Mektupta, bu olayların “soykırım” olarak tanınmasının tarihi gerçekleri değiştirmeyeceği, aksine toplumsal gerginlikleri körükleyeceği, bölünmeyi artıracağı ve halk grupları arasındaki düşmanlığı güçlendireceği uyarısında bulunuldu. Hukuki bir dayanağı olmayan sembolik bir tanımanın, tarihe ne saygı duyduğu ne de uzlaşmaya katkıda bulunduğu vurgulandı.
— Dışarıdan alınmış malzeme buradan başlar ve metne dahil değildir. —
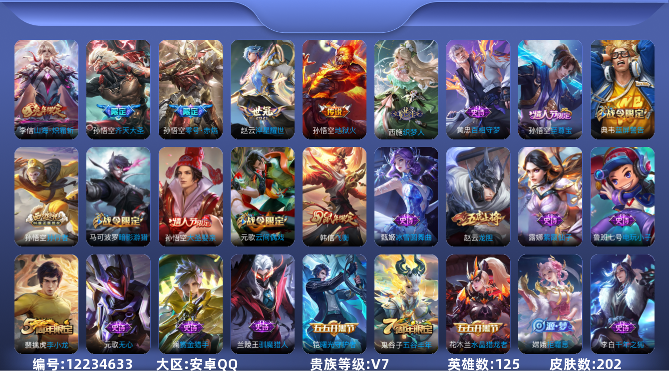 [12234633]V7 5传说 125英雄 202皮肤 可修改实名 优质装备:地狱火,零号·赤焰,淬星耀世,山海·炽霜斩(李信年限) 珍宝阁皮:优雅恋人 限定皮:至尊宝,飞衡(韩信年限),高山流水,齐天大圣,五谷丰年,龙胆,李小龙,孙行者,大圣娶亲,美猴王 史诗皮:百相守梦-黄忠,织梦人,紫霞仙子,电玩小子(小书包),黄金分割率,特工魅影,千年之狐,冰冠公主,蒙恬荣光圣徽,偶像歌手,龙骑士(小龙虾),节奏热浪,水果甜心,天才门将,鬼剑武藏,纤云弄巧,繁星吟游(呼啦呼啦),拒霜思,水晶猎龙者,曙光守护者,金属风暴,原初追逐者,圣诞狂欢,圣诞恋歌,鹰眼统帅,魅力维加斯,黎明之约,赏金猎手,无心

Ayrıca, bu tür adımların siyasi güdülerin nesnel hukuki ve tarihi analizlerden daha önemli görüldüğü “tehlikeli bir emsal” teşkil ettiği ve Hollanda gibi çeşitli bir toplumda sosyal uyumu zedeleyeceği ifade edildi.
Hükümete Çağrı
Sonuç olarak, A. Çağlayan, karmaşık tarihi bağlam, uluslararası bir mahkeme kararının olmaması ve tanınmanın yol açacağı bölünmeler göz önüne alındığında, söz konusu önergenin “uygunsuz ve yersiz” olduğunu belirtti. Hollanda hükümetine bu önergeye kulak vermemesi ve “çekimserlik, diyalog ve akademik dürüstlük” çizgisinde ilerlemesi çağrısında bulundu.
Türk Toplumu Endişeli
Hollanda’daki Türk toplumu, Hollanda Parlamentosu’nda sıkça gündeme getirilen bu tür iddialardan ve alınan kararlardan duyduğu rahatsızlığı dile getiriyor. Türk dernekleri ve sivil toplum kuruluşları, tarihi çarpıtan ve tek taraflı bir bakış açısını yansıtan bu tür girişimlerin Türkiye ve Hollanda arasındaki ilişkilere zarar verdiğini ve Türk toplumunu incittiğini belirtiyorlar.